# Thank you Colnago Con Brio



## onefour02 (Jan 7, 2009)

Colnago Con Brio has been a great source of Colnago info and updates, really sad that it has been suspended.


----------



## Salsa_Lover (Jul 6, 2008)

He went on a short time, from Colnago n00b asking about buying a used C40, to full Colnago convert, to Colnago paladin, including mecca trips to Cambiago and running the Colnago Con Brio blogs and facebook pages.

he did a great work difusing Colnago love, we are very thankful for that.

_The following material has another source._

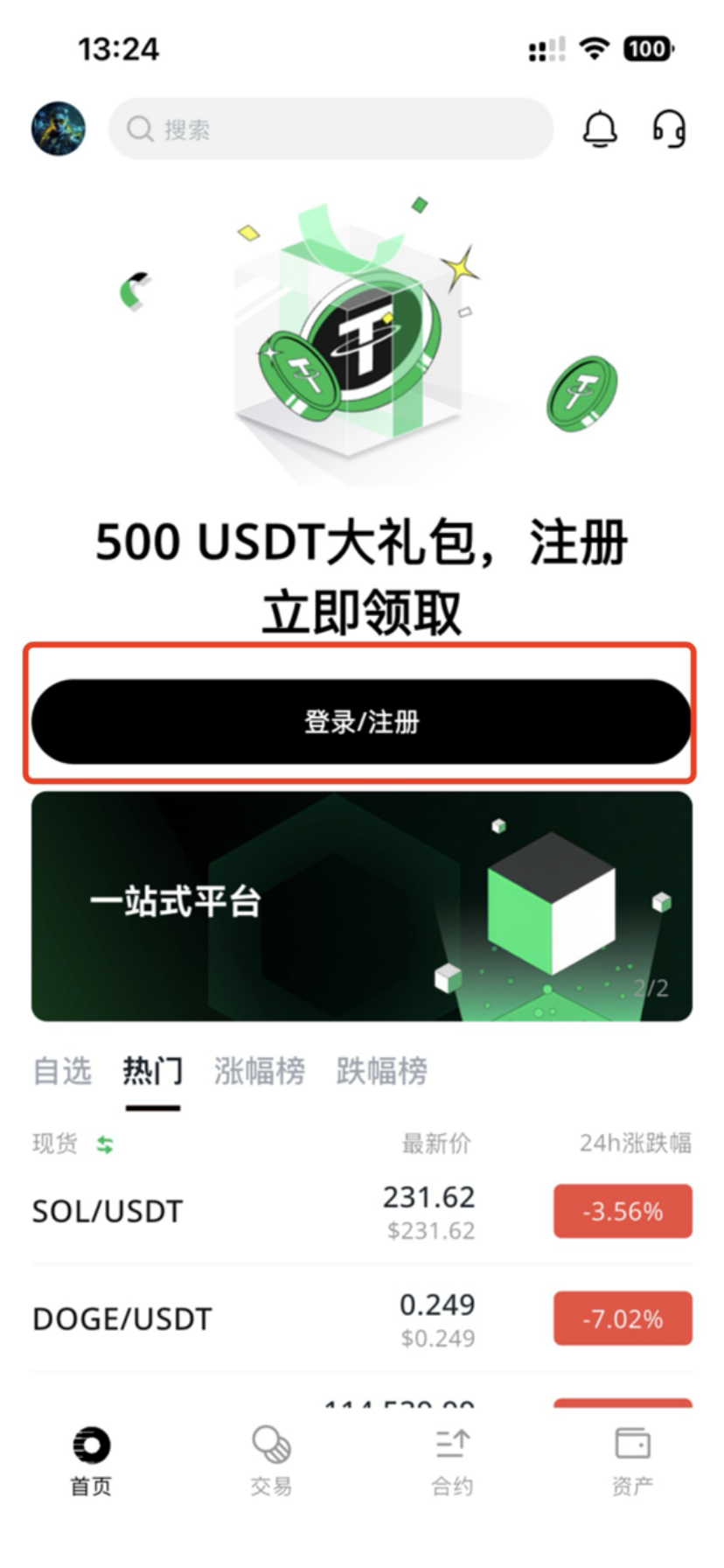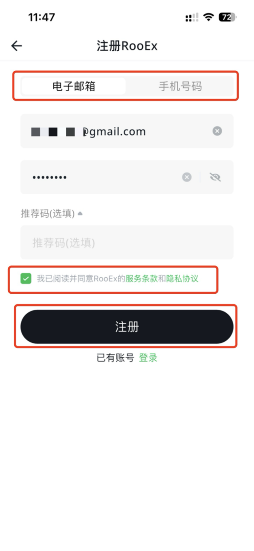 如何注册账户(APP) 2025年12月16日 13:55 更新 打开RooEx app,首页点击【登录/注册】”,开启注册或者登录。输入【电子邮箱】或者【手机号码】,设置有效安全密码,然后点击【我已阅读并同意RooEx的服务条款和隐私协议】,再点击【注册】,即可完成账户注册。 image.gif 4 MB 下载 image.gif 4 MB 下载 相关文章 如何进行充值操作(APP) 如何进行充值操作(网页版) 如何注册账户(网页版) 费率标准 如何邀请好友注册

maybe his interests shifted to other subject, what would be now ?


----------



## icsloppl (Aug 25, 2009)

Sorry, i was sleeping. What happened?


----------



## ronderman (May 17, 2010)

yea, any idea why he stopped. It was/is a great site.


----------



## 27davidson (Feb 9, 2006)

Colnago Conbrio isn't gone - he has a new and nicer webpage. The address is .colnagoconbrio.wordpress.com


----------



## Salsa_Lover (Jul 6, 2008)

27davidson said:


> Colnago Conbrio isn't gone - he has a new and nicer webpage. The address is .colnagoconbrio.wordpress.com


that one is also "suspended"

maybe he just got other interests to dedicate his time on


----------



## ronderman (May 17, 2010)

27davidson said:


> Colnago Conbrio isn't gone - he has a new and nicer webpage. The address is .colnagoconbrio.wordpress.com



If that's the case, and I hope it is, he needs to wicked re-write his entry. Cause the new site looks like it isn't going to be updated.


----------



## 2ndrep (Mar 14, 2012)

Yes, thanks Colnago Con Brio, I just loved getting my daily hit of Colnago information on your web site. The pictures and information was spot on! I think Colnago should give you a medal! I just wonder how much they really appreciated the web site? Thanks again buddy


----------